Anyway, not dwelling much over the hard learned lessons… 🙂 Let’s go into the main part! As per the rule of the event, the first and the most important one was to try a recipe from the blog and post it on the FB page with tags of five people. So who all had done that, is what you find in this album of all the tried and tasted – thank you for all the wonderful feedback! This is what keeps food bloggers like us fully motivated. For all of them who participated as per the completion of all the event rules, the winner selected using the Rafflecopter is NILOUFER RIYAZ!!! Congratulations, dear… will get in touch with you, so that we can look into how we can arrange the beautiful baking set from “The Cooking Doctor” and enjoy baking in them! 🙂
For all your lovely readers, today I am sharing the cake I baked for Azza’s birthday last month. We never celebrate birthdays as it is not part of Islamic culture, however just for the reminiscence of the day, I purchase a cake so that we all can enjoy, and of late, consider baking one. I was really excited about doing this cake. Somehow, the cakes I have baked during her last three birthdays were flops! All utter disappointments that struggled to get over… Not that I was 100% satisfied with this cake, but this was a much better attempt and we all really enjoyed the cake. Frosting is not something I like to do because we all prefer just normal snack cakes, however at times it is good to go a bit overboard when the day is for some happiness, right? 🙂 Off to the way I made it… Cake recipe adapted from here
White Chocolate Cake with Strawberry Butter-cream
- FOR THE CAKE:
- 1 1/8 cup all purpose flour
- 1 tsp baking powder
- 1/4 tsp salt
- 2/3 cup milk
- 2 ounces white chocolate chips/ drops
- 1 tsp vanilla essence
- 85 gm butter softened
- 2/3 cup sugar
- 1 large egg room temperature
- FOR BUTTERCREAM:
- 8 strawberries cleaned and chopped
- 2 tbsp sugar
- 175 gm butter softened
- 1 1/2 cup icing sugar
- 1 tsp vanilla essence
- 2-3 tbsp milk
- FOR DECORATION:
- White chocolate coins
- Preheat oven to 180 degrees. Grease and flour a 6 inch pan and set aside.

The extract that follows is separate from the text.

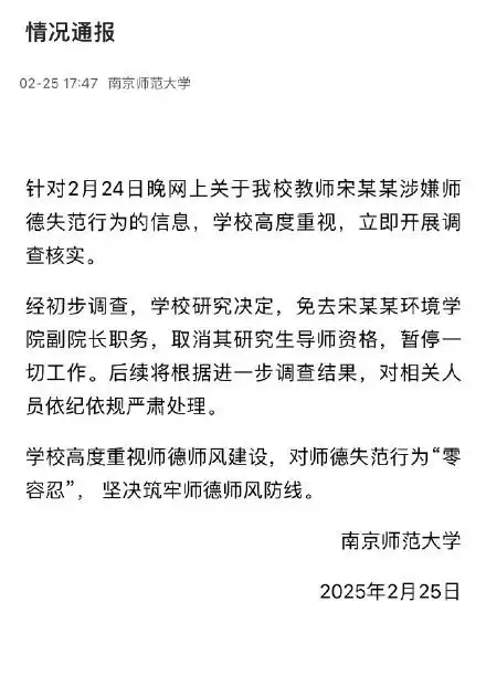 ·南京师范大学通报“副院长被指出轨女博士”:免去副院长职务,取消研究生导师资格。

- Mix the dry ingredients - flour, baking powder and salt in a bowl using a whisk.
- In another bowl, warm the milk - no need to boil. Add the white chocolate and stir until melted. Add in the vanilla and set aside.

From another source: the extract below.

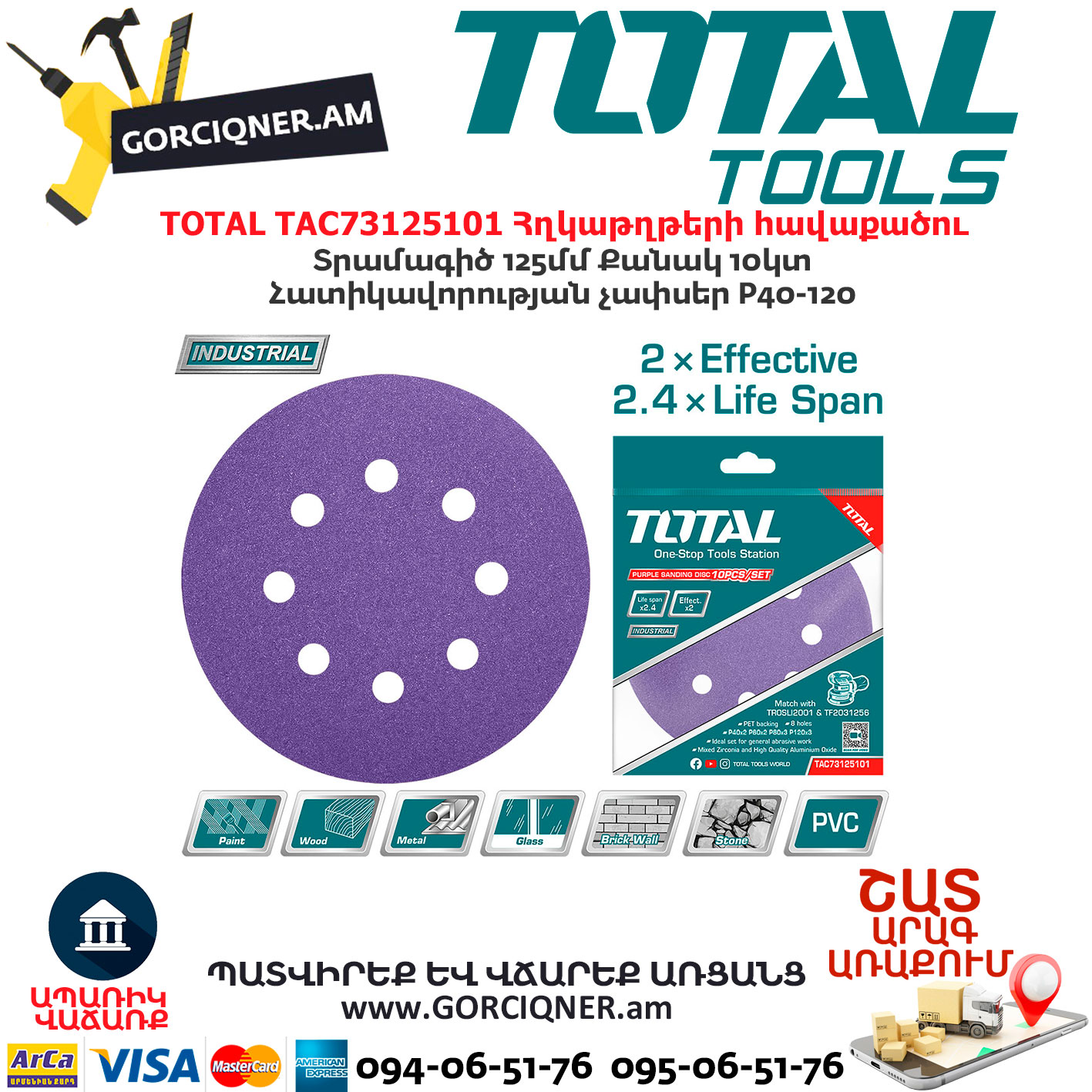 The set of sanding sheets TOTAL TAC73125101 is a replaceable element for sanding machines and is used for processing wood, metal, removing paint and varnish coatings and rust. The sheets are perforated for better removal of sanding dust. The shape is convenient for sanding corners and small areas of the surface. Made of fabric-backed aluminum oxide.

- In a large bowl, beat the soft butter and sugar till well combined.
- Add in the egg and beat well.
- Now add half the flour mixture and the chocolate milk mixture and beat till combined.
- Add in the remaining flour mixture and chocolate milk and beat till combined.

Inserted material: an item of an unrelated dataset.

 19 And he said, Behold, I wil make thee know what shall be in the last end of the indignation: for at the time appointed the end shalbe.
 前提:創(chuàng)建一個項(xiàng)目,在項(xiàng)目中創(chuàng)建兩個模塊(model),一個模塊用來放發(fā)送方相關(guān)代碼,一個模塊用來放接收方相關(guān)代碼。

- Pour into the prepared tin and flatten the top.
- Bake for 40-50 minutes till skewer comes out clean. Cover the top with aluminium foil after baking for 30 minutes to avoid a dark top.
- Cool in the pan for 10 minutes. Slowly flip the cake onto a cooling rack. Cool completely.
- Meanwhile, let's make the frosting. In a small saucepan, add the strawberries and sugar and cook on low flame till the whole mixture gets mashed up and reduces. There should be no liquid at all. I cooked for more than 40 minutes and got two tbsps of strawberry compote. Allow to cool completely.
- In a large bowl, add the butter and cream it for a couple of minutes.
- Add 1/2 cup sugar and beat till creamy.
- Now add the next 1/2 cup sugar and beat again for 5 minutes.
- Add the final 1/2 cup sugar and vanilla and beat well.
- Add in the strawberry compote and beat for a couple of minutes.
- Add in the milk if the butter-cream looks too stiff. Scrap the sides and fold with a spatula. Leave in the fridge for 15 minutes.
- Cut the top of the cake to level. Cut the cake through the center.
- Put some strawberry butter-cream and slather lavishly. Now put the half on top.
- Use the butter-cream to cover the cake completely on the sides and the top. Use your spatula to make neat surfaces - mine is just OK!
- Decorate with strawberries, white chocolate coins and sprinkles as you wish!
You can substitute strawberry compote with jam, but keep a watch on the consistency of the butter-cream.